Generative Models for Audio Synthesis have been gaining momentum in the last few years. More recently, parametric representations of the audio signal have been incorporated to facilitate better musical control of the synthesized output. In this work, we investigate a parametric model for violin tones, in particular the generative modeling of the residual bow noise to make for more natural tone quality. To aid in our analysis, we introduce a dataset of Carnatic Violin Recordings where bow noise is an integral part of the playing style of higher pitched notes in specific gestural contexts.
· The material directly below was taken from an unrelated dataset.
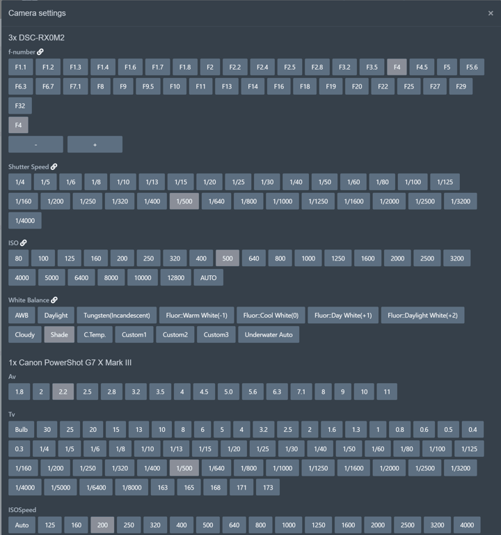 Things get a bit more tricky when trying to match camera settings. If you’re mixing T5 and T6 models, you’ll be able to easily sync settings, but if you’re mixing systems (Sony vs Canon shown below), then most settings need to be set manually across all groups. The settings are going to be in sync across all groups as long as the labels are the same (this works if you mix a R5 and a SL3 but not if you mix a SL3 and a a6400). Use the “link” icon to stop synchronizing across settings that are named the same in different groups.
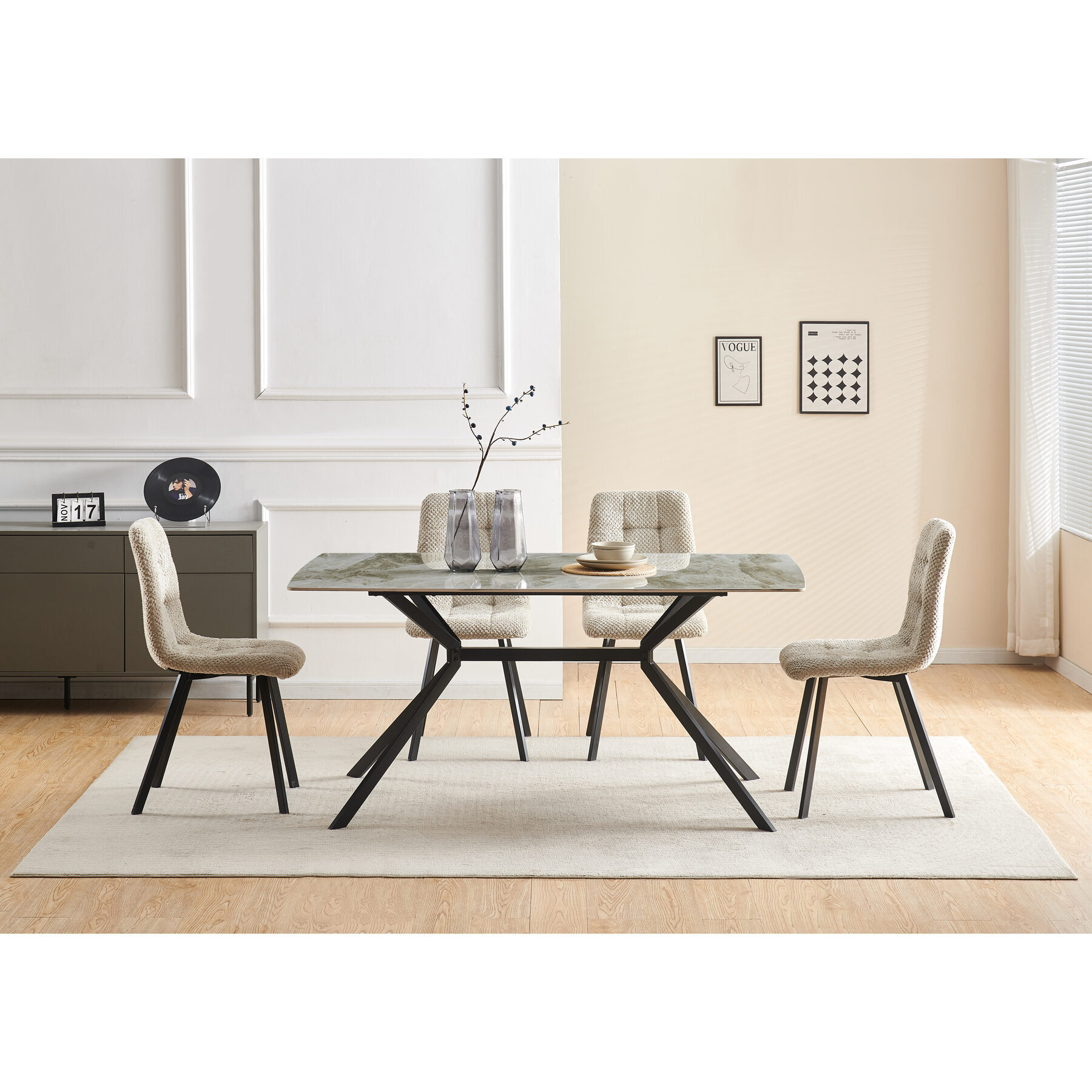 | يتضمن الطقم | 1 سفرة طاولة صغيرة + 6 سفرة كرسي |

We obtain insights about each of the harmonic and residual components of the signal, as well as their interdependence, via observations on the latent space derived in the course of variational encoding of the spectral envelopes of the sustained sounds.

VaPar Synth -- A Variational Parametric Model for Audio Synthesis

With the advent of data-driven statistical modeling and abundant computing power, researchers are turning increasingly to deep learning for audio synthesis. These methods try to model audio signals directly in the time or frequency domain. In the interest of more flexible control over the generated sound, it could be more useful to work with a parametric representation of the signal which corresponds more directly to the musical attributes such as pitch, dynamics and timbre. We present VaPar Synth - a Variational Parametric Synthesizer which utilizes a conditional variational autoencoder (CVAE) trained on a suitable parametric representation. We demonstrate our proposed model's capabilities via the reconstruction and generation of instrumental tones with flexible control over their pitch.

Generative Audio Synthesis with a Parametric Model

Use a parametric representation of audio to train a generative model in the interest of obtaining more flexible control over the generated sound.